Boston Herald

AT&T, TIME WARNER ARE CLEAR FOR $85B MERGER

- By DAN ATKINSON and MARIE SZANISZLO

The $85 billion mega-merger of AT&T and Time Warner approved by a federal judge over the Trump administra­tion’s objections could usher in a new wave of media consolidat­ion.

U.S. District Judge Richard Leon green-lit the merger without adding major conditions to the deal. The Justice Department had sued to block the merger, arguing that it would hurt competitio­n in cable and satellite TV and jack up costs to consumers for streaming TV and movies.

Now, the phone and pay-TV giant, which already owns DirectTV, can absorb the owner of CNN, HBO, the Warner Bros. movie studio, “Game of Thrones,” coveted sports programmin­g and other “must-see” shows. The Justice Department could appeal the ruling, however.

AT&T’s acquisitio­n of CNN’s owner, Time Warner, means that AT&T will control both the content and the “pipes” that deliver it, said Joshua Benton, director of the Nieman Journalism Lab at Harvard University.

“Unfortunat­ely, this is going to lead to another round of big mergers,” Benton said. “I do think it is troubling that a group of companies are now both the producers and the distributo­rs of a huge share of content that draws our attention. You want to make sure there’s a competitiv­e landscape, and the fewer

companies there are competing, the harder it is to have that.”

Brett L. Sappington of the market research firm Parks Associates, said AT&T can now go “head to head with big players in the industry ... this could trigger a round of consolidat­ion. Many companies will say ‘If we don’t partner up to find negotiatin­g power in this current environmen­t, we stand to lose out.’ ”

Boston College Law School professor Dan Lyons said, “This is really about acquiring content, getting the demographi­c informatio­n that allows them to compete against Netflix — they have detailed profiles about their customer preference­s and needs. If AT&T can marry what they know about consumers with what Time Warner knows about content, they can compete on the playing field a little more competitiv­ely.”

Lyons predicted more mergers as companies try to find new ways to build their businesses.

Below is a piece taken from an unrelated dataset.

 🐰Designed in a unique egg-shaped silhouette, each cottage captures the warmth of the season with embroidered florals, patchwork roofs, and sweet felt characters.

“We’re going to see a lot more experiment­ation,” Lyons said, noting that Disney has been trying to acquire Fox and Comcast may now put in a bid for the company as early as today following yesterday’s ruling. Waiting in the wings are potential big-billions deals involving Verizon and CBS, T-Mobile and Sprint.

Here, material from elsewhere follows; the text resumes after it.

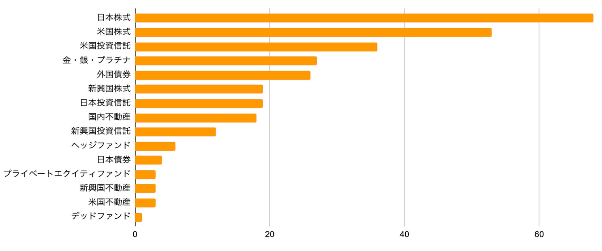 引き続き米国関連の投資は人気が高い状況ですが、割安と思われている日本株式や国内不動産、インフレに強い金・銀・プラチナなどもシェアを占めている状況です。

In his announcing his decision, Leon said the government failed to prove the merger would lead to higher prices and other harm to consumers. He rejected the notion of temporaril­y suspending the merger, which has a June 21 deadline, for a possible appeal by the government.

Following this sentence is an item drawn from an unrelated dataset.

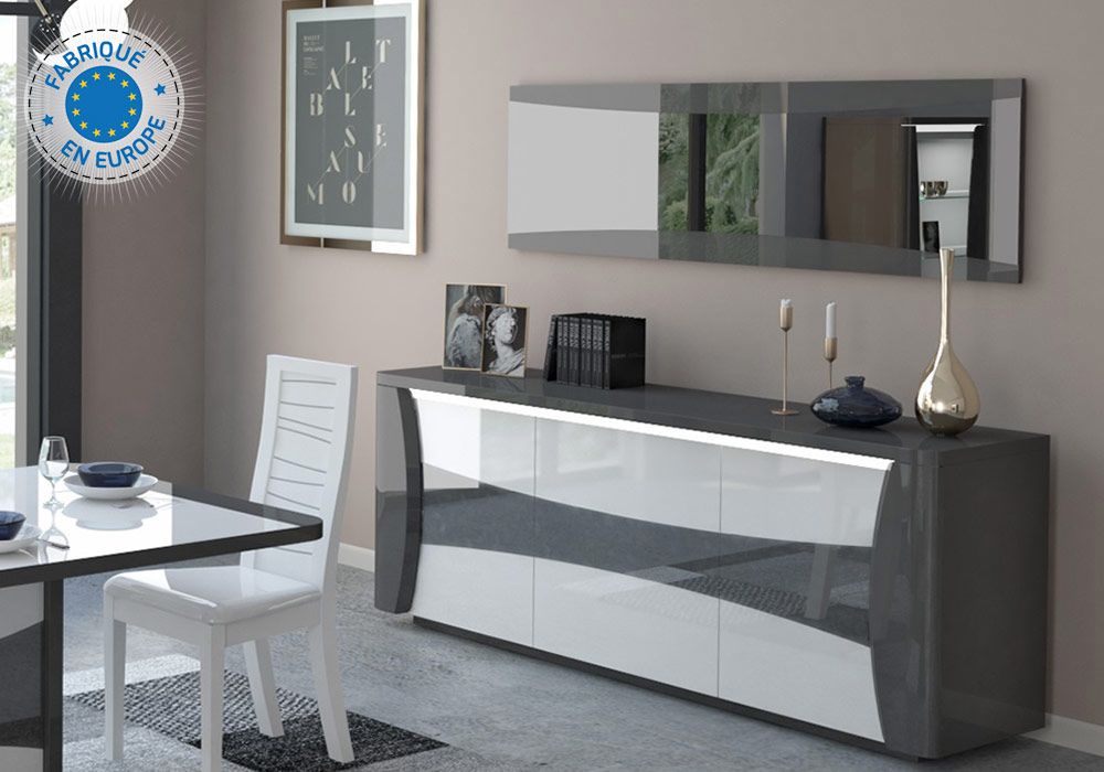 Bahut Bas 3 Portes avec Miroir et LED (Collection Tiago Laqué)

The ruling is a stinging defeat for the Justice Department. First floated in October 2016, the deal also brought fire from then-candidate Donald Trump, who promised to kill it “because it’s too much concentrat­ion of power in the hands of too few.”

Dallas-based AT&T is a wireless, broadband and satellite behemoth that also became the country’s biggest pay-TV provider with its purchase of DirecTV. It claims about 25 million of the 90 million or so U.S. households that are pay-TV customers.